8) SECRETLY BEING AN ANGEL.
Our job is to kill Angels. Period. Assuming that you manage to slip through the security precautions we take, which is highly unlikely, you will die, or be captured and dissected, or hung out to dry someplace we won't mention. And don't think that we won't find out. In the middle of a battle, you will become motionless and do nothing while our Eva pilots suit up, get into their Evas, and generally get their collective heads out of their behinds. And then something will happen to you. Something bad. It is prophesied by the Dead Sea Scrolls and in my contract with Gainax.

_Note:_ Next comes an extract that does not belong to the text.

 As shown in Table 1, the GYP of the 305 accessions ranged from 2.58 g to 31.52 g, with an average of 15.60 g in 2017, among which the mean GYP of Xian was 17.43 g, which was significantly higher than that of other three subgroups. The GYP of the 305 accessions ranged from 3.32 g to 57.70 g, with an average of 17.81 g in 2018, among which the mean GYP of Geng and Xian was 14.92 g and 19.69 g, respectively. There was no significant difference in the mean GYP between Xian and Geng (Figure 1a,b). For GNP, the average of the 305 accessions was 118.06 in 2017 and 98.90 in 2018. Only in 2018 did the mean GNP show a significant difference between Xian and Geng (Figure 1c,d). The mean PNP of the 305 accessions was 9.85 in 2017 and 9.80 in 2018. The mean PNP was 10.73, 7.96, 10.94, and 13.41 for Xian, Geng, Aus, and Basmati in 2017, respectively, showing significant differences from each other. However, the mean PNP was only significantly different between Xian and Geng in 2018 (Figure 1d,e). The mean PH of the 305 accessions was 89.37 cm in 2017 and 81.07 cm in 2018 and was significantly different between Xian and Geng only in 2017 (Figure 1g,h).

If you start manifesting AT fields without being in an Eva, suddenly get synchro rates that are ridiculously high, or simply look at me funny like you know everything, you will be terminated with extreme prejudice.

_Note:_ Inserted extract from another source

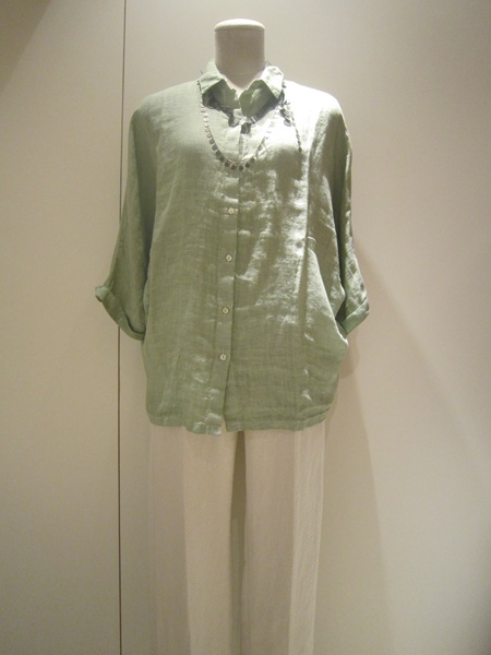 ミントカラーのブラウスは

9) OWNING YOUR OWN COOL GADGETS.
If you arrive in Tokyo-3, get into a battle, and suddenly whip a knife out of your Eva's boot or if your Eva turns into a truck or something, I will assume you are a foreign spy and act accordingly. If you have a supercomputer in your room and break into MAGI—and we will know—I will assume you are a foreign spy or a hacker and act accordingly. Ashcroft has nothing on me. If you invent something out of two toothpicks and a string and it works, I will assume you are named Washu and act accordingly. If you have the name "Bond," "Croft," "Jones," "Possible," or "Masaki" in your name and/or background, I will assume you have lost both your parents and most likely hire you. Then slap you repeatedly until you change your name to something more appropriate and less attention getting, such as "Ikari," "Aida," "Bob," or "Vash the Stampede."
The bottom line is, the only one who gets to own cool gadgets is me.
10) REPLACING ME.
I hope this small guide will assist you in your endeavor to become an Eva SI pilot. I look forward to seeing you here at NERV where you will be welcomed into our close-knit family of paw—er, pupp—ah, fool—oh, hell, minions. Get used to it.